The problem here is what Wendell Cox calls 'Louvre Café Syndrome':
This occurs when Americans sit at Paris cafes in view of the Louvre and imagine why it is that the United States does not look like this. In fact, most of Paris doesn't even look like this, nor do other European urban areas. Like their US counterparts, European urban areas rely principally on cars for mobility (though to a somewhat lesser degree) and their residents live in suburbs that have been built since World War II.
Most Parisians don't live in the central city but in sprawling suburbs surround that city. And, just like everywhere else, most of those Parisians don't spend their daily life skittling into and out of the city us visitors enjoy. The 15-minute city doesn't apply to this population and, were planners smitten by Moreno's ideas to introduce them, the results would be as unpopular as the introduction of 'Low Traffic Neighbourhoods' (LTNs) has been in London's inner suburbs. What the 15-minute City does is reduce the scope and choice of residents. It assumes that people prefer a more limited choice within strolling distance of a fourth floor town centre flat over a wide choice available within a fifteen minute drive or a suburban house in their car.
None of this is to say that we shouldn't have more walkable communities or that we shouldn't encourage what's know now as 'active travel', but all of these things are possible without the blunt and controlling ideas that come from Moreno's 'smart city' concepts. Moreover, Moreno's ideas respond to a very narrow demographic with a model that simply cannot work in a modern agglomerated metropolis.

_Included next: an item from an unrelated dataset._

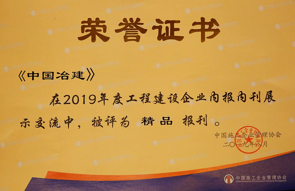 《中国冶建》连续11年获得 工程建设行业期刊评比最高荣誉“精品奖”

The first thing we'll notice is how the '15-minute City' is popular in the grand arrondisements of Paris's wealthy centre. Such places already enjoy the benefits that come from being wealthy and situated in the heart of a city that, in normal circumstances, has millions of visitors adding to the extravagence of rich residents. Take a trip out of the city centre to some of the less salubrious banlieue with their unemployment, poverty and ethic tensions - how does containing these residents inside a '15-minute' cordon help with their social mobility, with the betterment of their lives? Will good jobs either on the urban fringe or in the city centre now migrate to places known now for bad policing, car burning, and sky-high levels of crime?
Some more radical folk no doubt consider that the '15-minute City' (or twenty minutes if you're in Victoria) represents a radical remake, not of the city, but of people's lives. In the authoritarian tradition of Le Corbusier, these urban planners see citizens as counters to be moved about within their smart cities - peons not people. Plebs who can be forced into using uncomfortable, inconvenient and expensive transport to access a range of choices (employment, leisure, lifestyle) deliberately limited by the preferences of planners. All of this washed over in gentle green watercolour.

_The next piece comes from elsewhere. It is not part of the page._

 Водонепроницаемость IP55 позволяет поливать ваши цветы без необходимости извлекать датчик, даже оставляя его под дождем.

Successful modern societies are diverse in many ways, in the people, in lives and in geography. Denying people the flexibilty of comfortable, efficient and relatively cheap private transport represents a huge backwards step in the betterment of our lives. Yet this is exactly the policy pursued by the wealthy authoritarians who now run big cities. Worse still, because decisions about the rest of us and our lives are being made in those cities by these green-tinted authoritarian planners, people living in Pennine Yorkshire or the Ardennes get told they shouldn't be driving that car, that they should be huddled into a 15-minute zone that barely allows them to reach the next village, let alone the towns tantalisingly beyond the approved limit.
Even in the suburbia where most of us live, the choice and flexibility granted us by the wonder that is the private car would, if removed, make such places less diverse and less appealing even ghost towns. The idea that, by car, we are within a few minutes of several choices for shopping, for leisure and for work is being sneered at by planners in big city centres pretending that the life of a well-paid, single young graduate is the ideal life. And that urban planning should be skewed entirely to the needs and preferences of such people. This, not saving the planet or a "new urban vision", is the reality of the '15-minute City'.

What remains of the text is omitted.